You can't change crazy. On edit. That is why I am grateful for this place. I am not entirely certain I want to get into a relationship again. But I know, for a certainty, I do not want to even date a religious crazy. I was a trial member of another Atheist site but it was fairly expensive for the premium services, which was the only way you could really communicate.
Maybe she should have thought of that 1.5 years ago.
Kind of what I was thinking
Sorry, guy. But you can't change anyone, they can only change themselves, & even then, you can't force yourself or another to 'believe'. This was bound to be a problem, unfortunately. It sounds trite & flippant to say so, but, really, this is probably for the best. Now you are free to find someone that matches you better. Best of luck!
You will eventually find a woman who shares your same world views.
I can't see this working...UNLESS, this person is sitting on the fence about her religion! If she is steeped in that religion, she will be tormented by your atheism. She may 'work,' on you to change and you may never go in that direction and it will tear you apart, trying to love someone and accommodate some Idealogy...your own and the person you love! Over time, this is bound to tear you all apart! You must choose, but oil and water want mix and wishing it so...will never work!

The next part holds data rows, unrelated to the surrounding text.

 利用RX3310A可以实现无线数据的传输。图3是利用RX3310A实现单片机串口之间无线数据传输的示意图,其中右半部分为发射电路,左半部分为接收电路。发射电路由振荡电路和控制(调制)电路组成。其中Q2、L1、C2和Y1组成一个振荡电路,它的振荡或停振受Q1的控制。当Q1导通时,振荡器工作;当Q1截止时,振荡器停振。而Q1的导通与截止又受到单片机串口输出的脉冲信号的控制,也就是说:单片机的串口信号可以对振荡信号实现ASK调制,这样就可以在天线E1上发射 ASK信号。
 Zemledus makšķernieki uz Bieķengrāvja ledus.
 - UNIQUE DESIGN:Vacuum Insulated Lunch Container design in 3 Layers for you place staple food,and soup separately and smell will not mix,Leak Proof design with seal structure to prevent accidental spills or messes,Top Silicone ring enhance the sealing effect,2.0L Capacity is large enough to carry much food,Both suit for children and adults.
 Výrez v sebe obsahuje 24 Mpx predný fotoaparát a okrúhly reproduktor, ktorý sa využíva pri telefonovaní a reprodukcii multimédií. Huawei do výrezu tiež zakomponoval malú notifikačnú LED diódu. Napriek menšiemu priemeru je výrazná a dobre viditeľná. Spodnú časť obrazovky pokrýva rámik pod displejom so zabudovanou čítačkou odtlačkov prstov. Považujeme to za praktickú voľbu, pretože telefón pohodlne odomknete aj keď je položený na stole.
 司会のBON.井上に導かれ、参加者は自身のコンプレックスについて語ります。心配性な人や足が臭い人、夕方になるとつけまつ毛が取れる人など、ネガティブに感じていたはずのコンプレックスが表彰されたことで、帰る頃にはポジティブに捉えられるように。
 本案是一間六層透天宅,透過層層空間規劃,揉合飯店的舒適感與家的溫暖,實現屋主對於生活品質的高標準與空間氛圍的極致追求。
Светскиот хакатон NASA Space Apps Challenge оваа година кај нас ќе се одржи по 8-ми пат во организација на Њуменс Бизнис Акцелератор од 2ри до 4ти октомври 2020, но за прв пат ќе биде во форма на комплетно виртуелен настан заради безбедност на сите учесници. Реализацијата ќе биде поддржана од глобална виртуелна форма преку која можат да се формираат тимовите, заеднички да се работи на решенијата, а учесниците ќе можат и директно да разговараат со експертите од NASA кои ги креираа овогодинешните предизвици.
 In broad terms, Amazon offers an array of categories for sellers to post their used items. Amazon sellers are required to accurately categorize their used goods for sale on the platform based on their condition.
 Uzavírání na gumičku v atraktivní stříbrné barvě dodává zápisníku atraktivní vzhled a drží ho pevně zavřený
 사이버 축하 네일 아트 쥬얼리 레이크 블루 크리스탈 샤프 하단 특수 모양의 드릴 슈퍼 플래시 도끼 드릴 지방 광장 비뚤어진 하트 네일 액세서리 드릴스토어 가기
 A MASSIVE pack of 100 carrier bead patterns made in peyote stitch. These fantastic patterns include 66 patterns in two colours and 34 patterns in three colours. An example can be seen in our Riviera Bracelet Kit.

I spent 6 years in a marriage to learn that fundamental differences rarely form a solid foundation for a relationship. It hurts to give up or lose something enjoyable and familiar, but I have to believe that we are opening ourselves to the opportunity for greater fulfillment and realization of our true selves in the future.
If it's a deal breaker for her she should've saved you the time. Sorry man.
Sorry about that, but good riddance, she obviously doesn't respect your non belief
I've dated Baptist s and they are relentless, brain washed, I think. I find not only the belief system incredible but also the attitude. I know I will not date one again.